• EXERCISE MATERIALS
┄┄┄┄┄┄┄┄┄┄┄┄┄┄┄┄┄┄┄┄
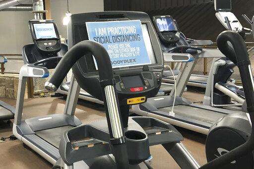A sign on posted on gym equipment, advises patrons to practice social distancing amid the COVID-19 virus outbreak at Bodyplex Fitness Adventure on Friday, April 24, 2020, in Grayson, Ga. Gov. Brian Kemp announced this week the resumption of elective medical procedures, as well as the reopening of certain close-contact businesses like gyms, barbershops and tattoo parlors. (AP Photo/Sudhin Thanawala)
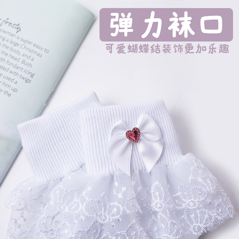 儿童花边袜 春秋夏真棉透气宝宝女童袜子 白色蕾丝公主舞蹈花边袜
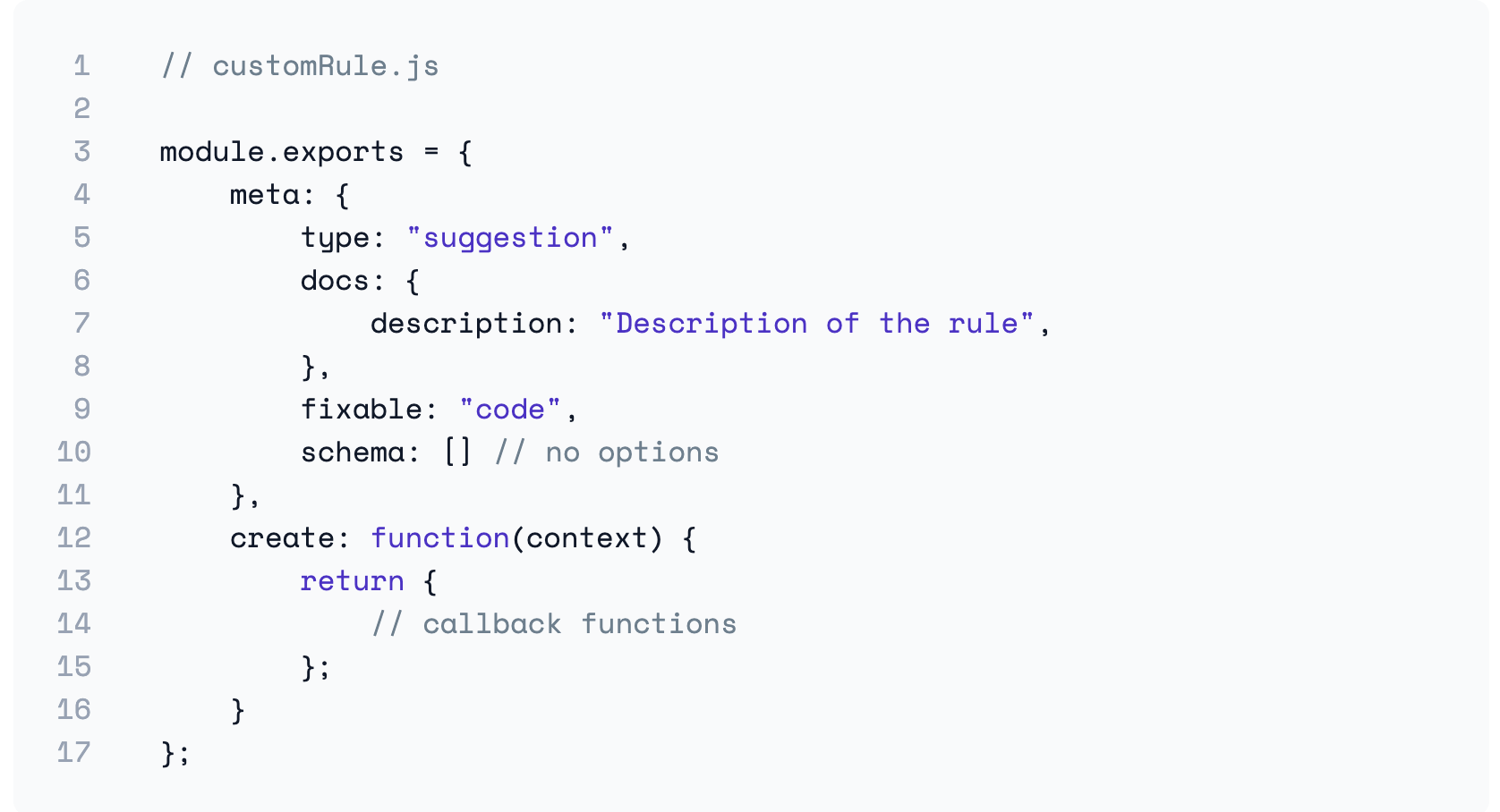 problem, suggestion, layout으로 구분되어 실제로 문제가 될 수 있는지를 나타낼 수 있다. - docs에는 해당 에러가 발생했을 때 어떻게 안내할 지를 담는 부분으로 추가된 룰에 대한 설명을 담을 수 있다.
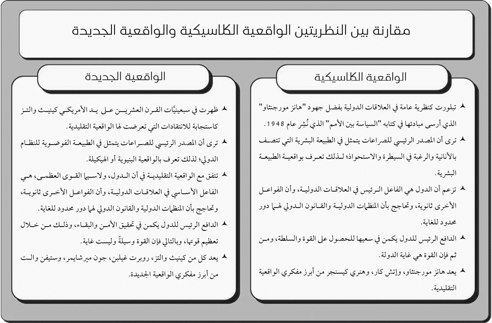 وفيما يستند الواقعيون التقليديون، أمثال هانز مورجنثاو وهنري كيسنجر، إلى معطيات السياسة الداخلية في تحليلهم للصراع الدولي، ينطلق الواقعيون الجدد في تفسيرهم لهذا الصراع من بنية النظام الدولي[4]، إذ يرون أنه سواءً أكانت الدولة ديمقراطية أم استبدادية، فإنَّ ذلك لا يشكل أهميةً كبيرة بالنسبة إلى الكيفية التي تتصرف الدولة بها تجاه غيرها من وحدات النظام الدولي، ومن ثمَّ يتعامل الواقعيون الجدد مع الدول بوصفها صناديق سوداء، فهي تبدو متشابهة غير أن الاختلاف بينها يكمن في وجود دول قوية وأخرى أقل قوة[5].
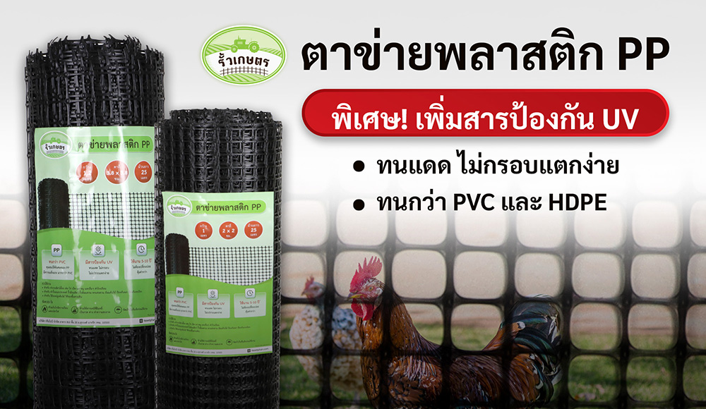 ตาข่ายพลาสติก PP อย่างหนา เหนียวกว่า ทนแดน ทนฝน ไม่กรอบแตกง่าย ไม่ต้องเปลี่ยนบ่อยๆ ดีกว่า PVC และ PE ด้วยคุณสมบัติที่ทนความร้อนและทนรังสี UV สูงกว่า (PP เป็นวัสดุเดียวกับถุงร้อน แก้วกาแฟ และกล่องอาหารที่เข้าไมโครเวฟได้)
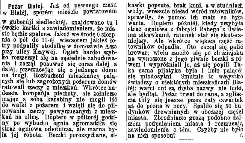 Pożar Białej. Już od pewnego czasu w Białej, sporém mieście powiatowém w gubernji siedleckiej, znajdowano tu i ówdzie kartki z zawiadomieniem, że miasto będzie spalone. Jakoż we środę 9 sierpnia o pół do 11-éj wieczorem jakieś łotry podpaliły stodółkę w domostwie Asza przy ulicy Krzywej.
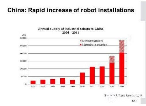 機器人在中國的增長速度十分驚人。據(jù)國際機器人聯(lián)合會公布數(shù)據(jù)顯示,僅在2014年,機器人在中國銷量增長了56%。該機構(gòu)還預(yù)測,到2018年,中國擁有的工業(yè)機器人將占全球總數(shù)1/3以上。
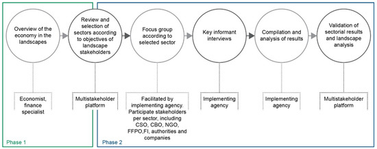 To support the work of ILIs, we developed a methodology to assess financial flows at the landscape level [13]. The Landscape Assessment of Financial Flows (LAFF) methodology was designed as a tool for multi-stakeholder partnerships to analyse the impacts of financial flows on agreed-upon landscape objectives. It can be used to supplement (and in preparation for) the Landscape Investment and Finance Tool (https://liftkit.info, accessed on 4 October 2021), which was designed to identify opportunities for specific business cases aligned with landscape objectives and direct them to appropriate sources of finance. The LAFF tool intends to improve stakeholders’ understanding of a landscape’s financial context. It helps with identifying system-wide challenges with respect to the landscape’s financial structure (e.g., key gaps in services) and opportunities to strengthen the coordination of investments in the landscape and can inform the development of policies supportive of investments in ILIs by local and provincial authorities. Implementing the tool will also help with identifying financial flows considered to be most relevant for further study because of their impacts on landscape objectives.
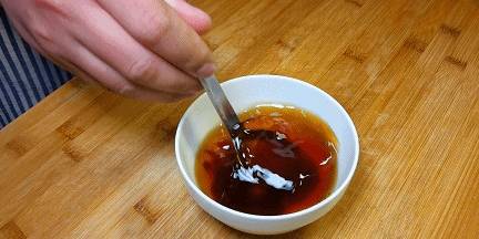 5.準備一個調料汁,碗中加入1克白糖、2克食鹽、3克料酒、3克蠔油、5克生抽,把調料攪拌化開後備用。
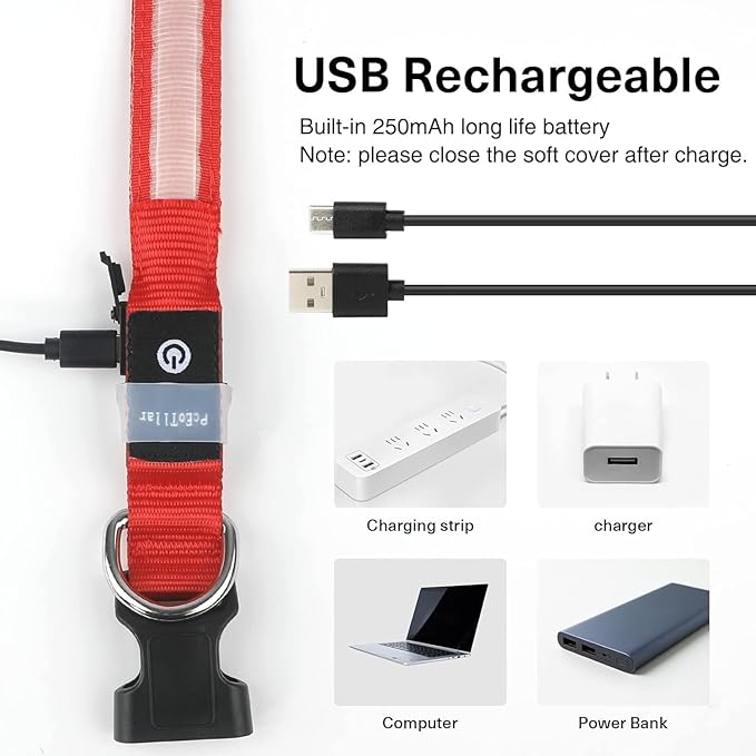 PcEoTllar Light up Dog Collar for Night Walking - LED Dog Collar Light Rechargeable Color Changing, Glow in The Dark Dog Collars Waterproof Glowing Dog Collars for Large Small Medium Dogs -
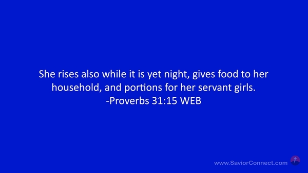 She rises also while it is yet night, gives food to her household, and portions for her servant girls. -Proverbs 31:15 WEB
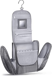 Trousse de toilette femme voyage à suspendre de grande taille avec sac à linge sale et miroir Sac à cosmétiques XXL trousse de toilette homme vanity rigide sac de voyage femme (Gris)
┄┄┄┄┄┄┄┄┄┄┄┄┄┄┄┄┄┄┄┄
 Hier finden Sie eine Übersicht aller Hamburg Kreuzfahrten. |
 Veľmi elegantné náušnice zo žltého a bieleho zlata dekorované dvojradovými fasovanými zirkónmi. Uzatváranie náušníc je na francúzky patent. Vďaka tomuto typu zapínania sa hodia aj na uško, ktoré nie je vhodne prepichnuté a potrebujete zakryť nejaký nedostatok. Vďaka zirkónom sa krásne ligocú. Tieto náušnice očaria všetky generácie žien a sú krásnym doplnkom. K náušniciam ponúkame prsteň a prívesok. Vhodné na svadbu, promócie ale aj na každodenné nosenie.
┄┄┄┄┄┄┄┄┄┄┄┄┄┄┄┄┄┄┄┄
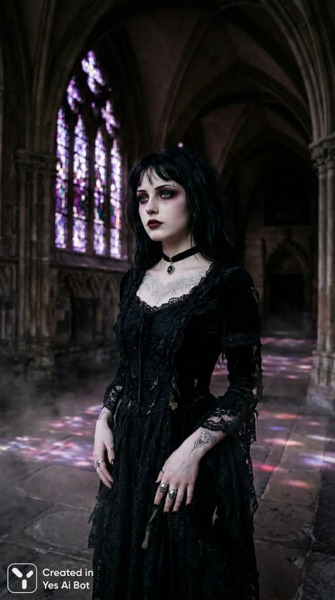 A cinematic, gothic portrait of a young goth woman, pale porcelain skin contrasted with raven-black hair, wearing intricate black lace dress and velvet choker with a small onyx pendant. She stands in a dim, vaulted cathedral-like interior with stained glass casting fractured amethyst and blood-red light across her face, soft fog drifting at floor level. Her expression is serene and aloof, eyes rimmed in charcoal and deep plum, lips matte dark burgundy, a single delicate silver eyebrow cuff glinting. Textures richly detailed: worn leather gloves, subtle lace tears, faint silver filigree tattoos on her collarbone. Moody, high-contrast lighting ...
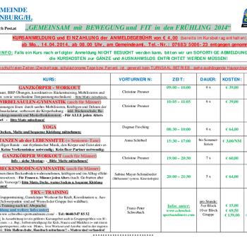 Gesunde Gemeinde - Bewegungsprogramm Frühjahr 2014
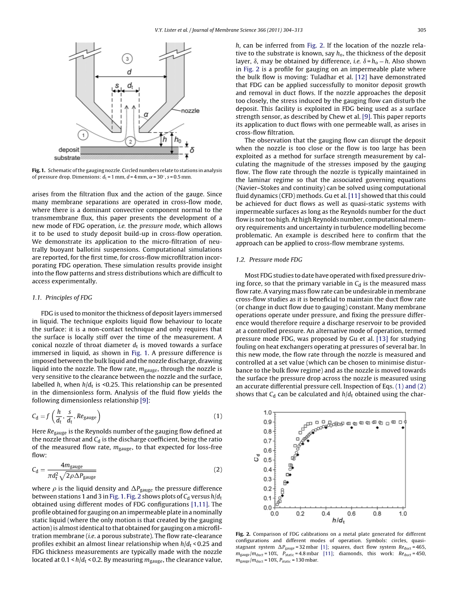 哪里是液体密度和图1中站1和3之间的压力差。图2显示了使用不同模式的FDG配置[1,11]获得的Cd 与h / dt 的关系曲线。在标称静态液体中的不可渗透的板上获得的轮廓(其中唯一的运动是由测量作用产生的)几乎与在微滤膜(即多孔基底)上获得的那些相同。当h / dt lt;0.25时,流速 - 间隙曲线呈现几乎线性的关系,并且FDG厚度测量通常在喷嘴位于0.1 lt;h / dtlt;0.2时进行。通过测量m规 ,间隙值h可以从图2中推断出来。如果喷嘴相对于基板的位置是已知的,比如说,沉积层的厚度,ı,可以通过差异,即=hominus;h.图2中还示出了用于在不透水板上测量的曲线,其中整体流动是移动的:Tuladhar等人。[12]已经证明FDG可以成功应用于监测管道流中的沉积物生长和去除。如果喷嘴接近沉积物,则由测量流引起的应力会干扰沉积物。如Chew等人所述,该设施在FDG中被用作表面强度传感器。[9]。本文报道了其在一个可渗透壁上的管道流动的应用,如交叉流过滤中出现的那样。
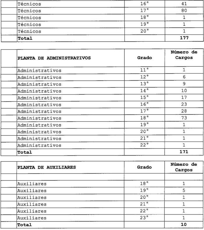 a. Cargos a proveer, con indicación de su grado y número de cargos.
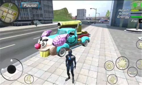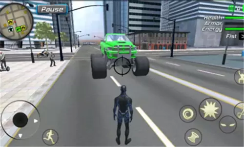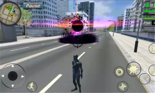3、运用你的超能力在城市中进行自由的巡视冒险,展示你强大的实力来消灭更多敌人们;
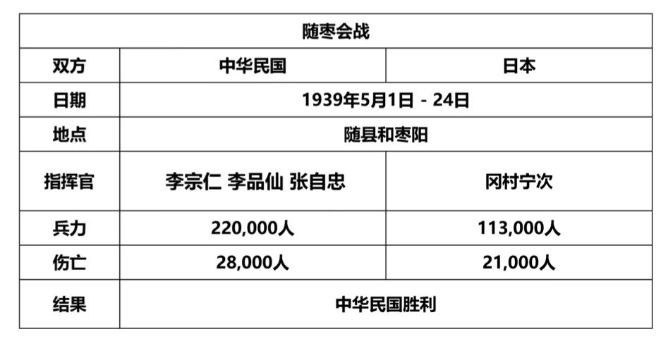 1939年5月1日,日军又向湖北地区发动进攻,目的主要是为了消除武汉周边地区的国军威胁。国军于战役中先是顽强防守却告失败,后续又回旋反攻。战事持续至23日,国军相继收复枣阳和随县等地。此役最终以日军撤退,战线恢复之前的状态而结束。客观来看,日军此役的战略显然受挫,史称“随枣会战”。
┄┄┄┄┄┄┄┄┄┄┄┄┄┄┄┄┄┄┄┄
• TASK TO COMPLETE
How would the lines above read from the one with "A sign on posted" to the one with "機器人在中國的增長速度十分驚", inclusive, with no pictures? Write them out exactly.

• EXERCISE OUTPUT
A sign on posted on gym equipment, advises patrons to practice social distancing amid the COVID-19 virus outbreak at Bodyplex Fitness Adventure on Friday, April 24, 2020, in Grayson, Ga. Gov. Brian Kemp announced this week the resumption of elective medical procedures, as well as the reopening of certain close-contact businesses like gyms, barbershops and tattoo parlors. (AP Photo/Sudhin Thanawala)
 儿童花边袜 春秋夏真棉透气宝宝女童袜子 白色蕾丝公主舞蹈花边袜
 problem, suggestion, layout으로 구분되어 실제로 문제가 될 수 있는지를 나타낼 수 있다. - docs에는 해당 에러가 발생했을 때 어떻게 안내할 지를 담는 부분으로 추가된 룰에 대한 설명을 담을 수 있다.
 وفيما يستند الواقعيون التقليديون، أمثال هانز مورجنثاو وهنري كيسنجر، إلى معطيات السياسة الداخلية في تحليلهم للصراع الدولي، ينطلق الواقعيون الجدد في تفسيرهم لهذا الصراع من بنية النظام الدولي[4]، إذ يرون أنه سواءً أكانت الدولة ديمقراطية أم استبدادية، فإنَّ ذلك لا يشكل أهميةً كبيرة بالنسبة إلى الكيفية التي تتصرف الدولة بها تجاه غيرها من وحدات النظام الدولي، ومن ثمَّ يتعامل الواقعيون الجدد مع الدول بوصفها صناديق سوداء، فهي تبدو متشابهة غير أن الاختلاف بينها يكمن في وجود دول قوية وأخرى أقل قوة[5].
 ตาข่ายพลาสติก PP อย่างหนา เหนียวกว่า ทนแดน ทนฝน ไม่กรอบแตกง่าย ไม่ต้องเปลี่ยนบ่อยๆ ดีกว่า PVC และ PE ด้วยคุณสมบัติที่ทนความร้อนและทนรังสี UV สูงกว่า (PP เป็นวัสดุเดียวกับถุงร้อน แก้วกาแฟ และกล่องอาหารที่เข้าไมโครเวฟได้)
 Pożar Białej. Już od pewnego czasu w Białej, sporém mieście powiatowém w gubernji siedleckiej, znajdowano tu i ówdzie kartki z zawiadomieniem, że miasto będzie spalone. Jakoż we środę 9 sierpnia o pół do 11-éj wieczorem jakieś łotry podpaliły stodółkę w domostwie Asza przy ulicy Krzywej.
 機器人在中國的增長速度十分驚人。據(jù)國際機器人聯(lián)合會公布數(shù)據(jù)顯示,僅在2014年,機器人在中國銷量增長了56%。該機構(gòu)還預(yù)測,到2018年,中國擁有的工業(yè)機器人將占全球總數(shù)1/3以上。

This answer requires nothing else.